Solved – Multiple paired distances in a single clustering application

clusteringdistancematrix

I have the following problem. I have 70 people, with a bunch of variable-data on each of them. What I also have, are 3 dissimilarity matrices, wherein the dissimilarity between each person and every other person is already computed. The goal is to cluster these people. 2 are euclidean distance matrices, and the other one is a DTW distance between the time-series associated with each of them.

Is there a way to incorporate information from several distinct dissimilarity matrices for the same set of people into the clustering solution?

What I thought could be done:

  1. Cluster the people individually using the variables, and each of the matrices. We get 4 new variables which are simply the cluster assignments in each of these subsets. But this is blind to the intricacies of each of the matrices, for it just looks at the resultant clusters, which may not be very distinct using say one of the matrices.
  2. Compute a matrix for the lone variables, resulting in 4 matrices. Create a single matrix by summing/averaging the individual pairwise distances. But then how to combine the values is an issue, another being how valid this method is.

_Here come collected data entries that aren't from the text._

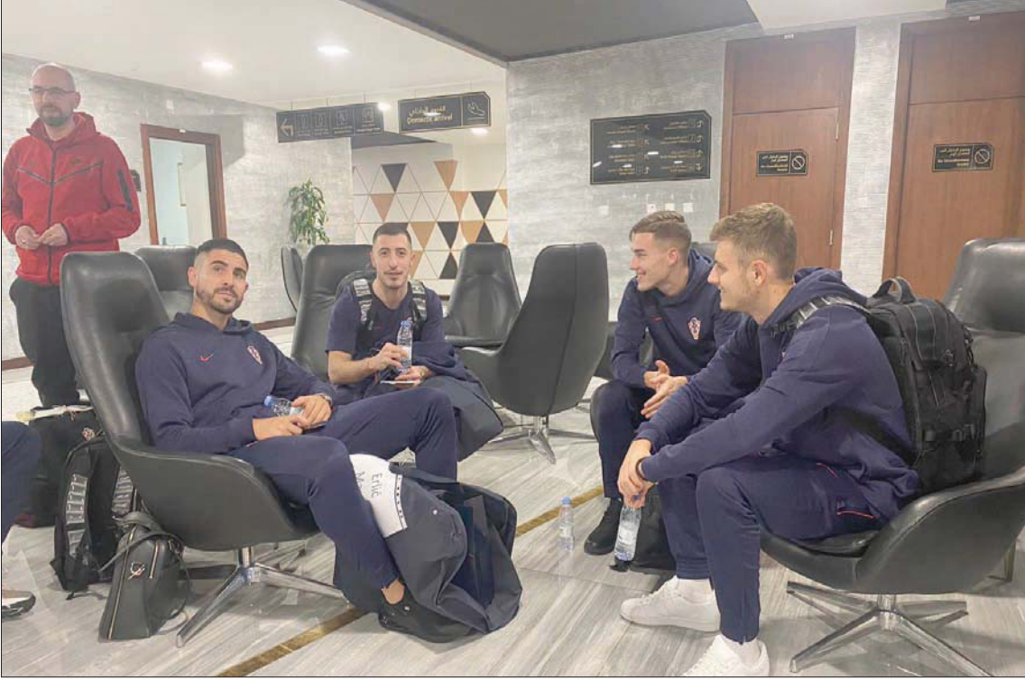
المنتخب الكرواتي وصل أمس إلى الرياض
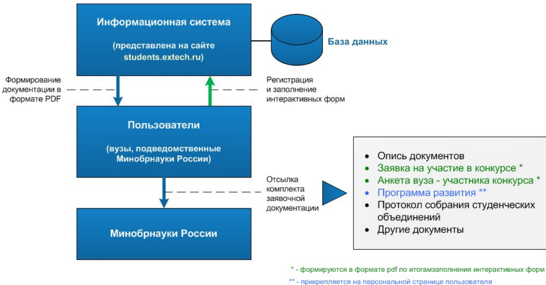
Схема информационного взаимодействия
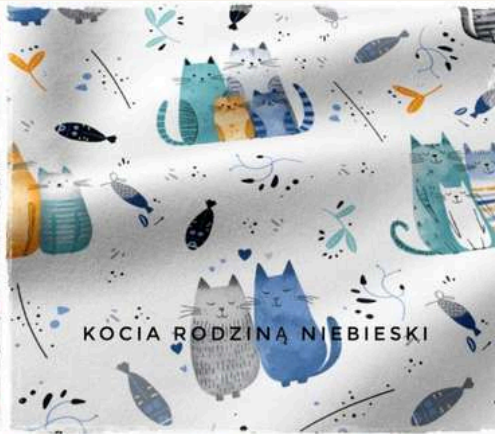
KOCIA RODZINA NIEBIESKI
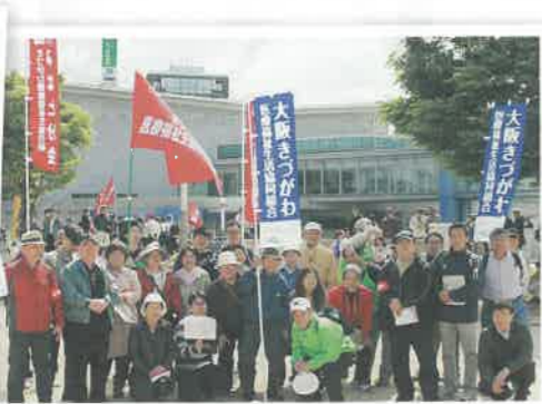
大阪きづがわ医療福祉生協で集合しました
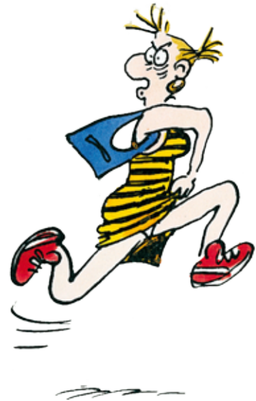
© Claire Bretécher / Dargaud Agrippine , 1988
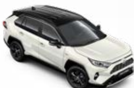
2QJ Bílá – perleťová se střechou v černé barvě perleťový lak, dostupný pouze pro verzi Selection bez příplatku
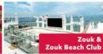
Zouk & Zouk Beach Club
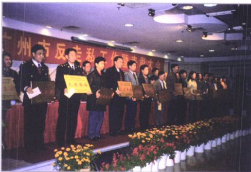
2000年1月市政府召开反走私工作会议表彰反走私先进集体和人员
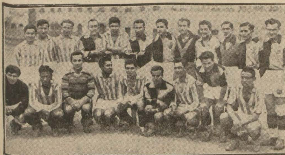
Dünkü maçta Vefa - İstanbulspor takımları bir arada
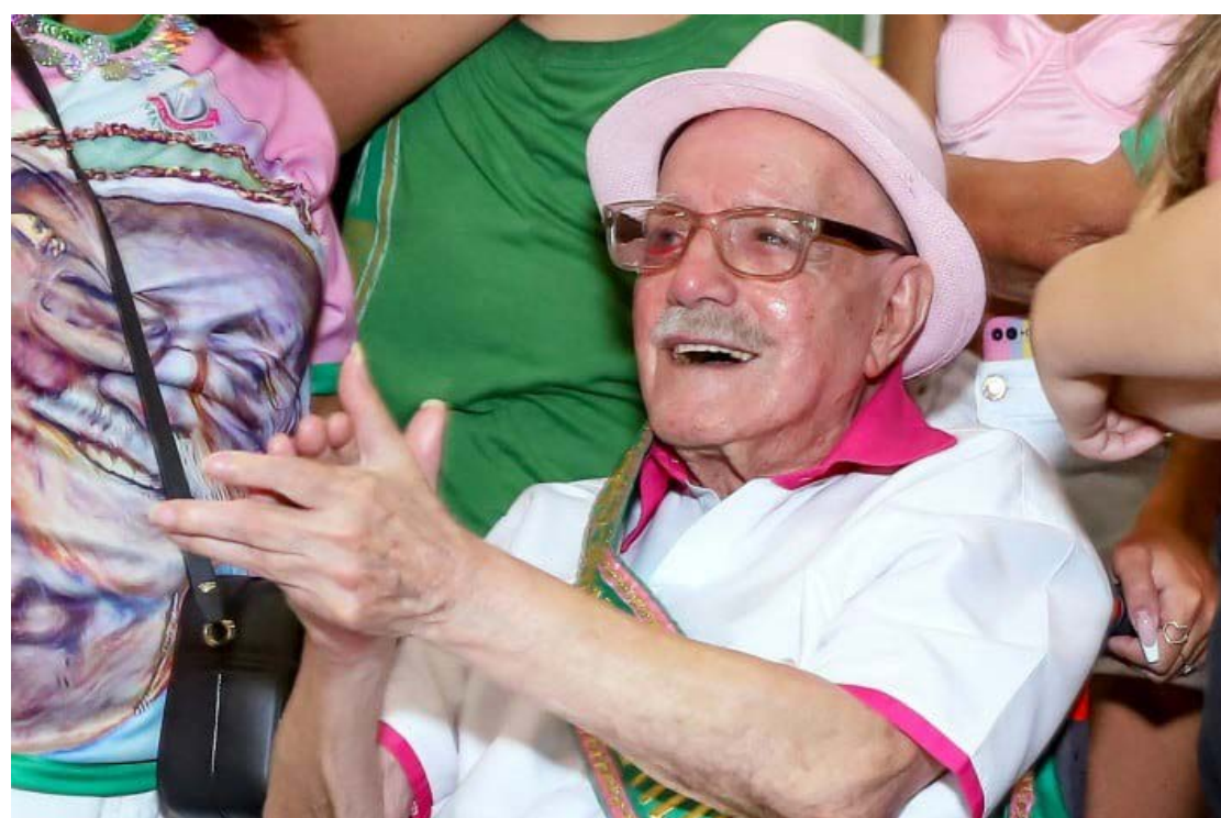
Compositor assinou 16 obras para a Verde e Rosa e, com seis delas, embalou campeonatos

Any help will be greatly appreciated. I am using R for the computation. Do let me know if you need more information on the problem.

Best Answer

I am not sure it is exactly what you want, but one possibility is to transform each of the dissimilarity matrices into a coordinate system (using e.g. an MDS algorithm). The dimensions from each coordinate system can then be added, and the resulting space be used in a single clustering step.

For instance, if you have 3 matrices of size 70x70 (for 70 samples), then you can find a bidimensional space for each matrix, leading to a 70x2 matrix for each dissimilarity matrix. You can stack these matrices together, by assuming the dimensions are independent, into a 70x6 matrix. Therefore each sample is now represented by 6 coordinates. (A new distance matrix can be calculated between them, using these new coordinates.)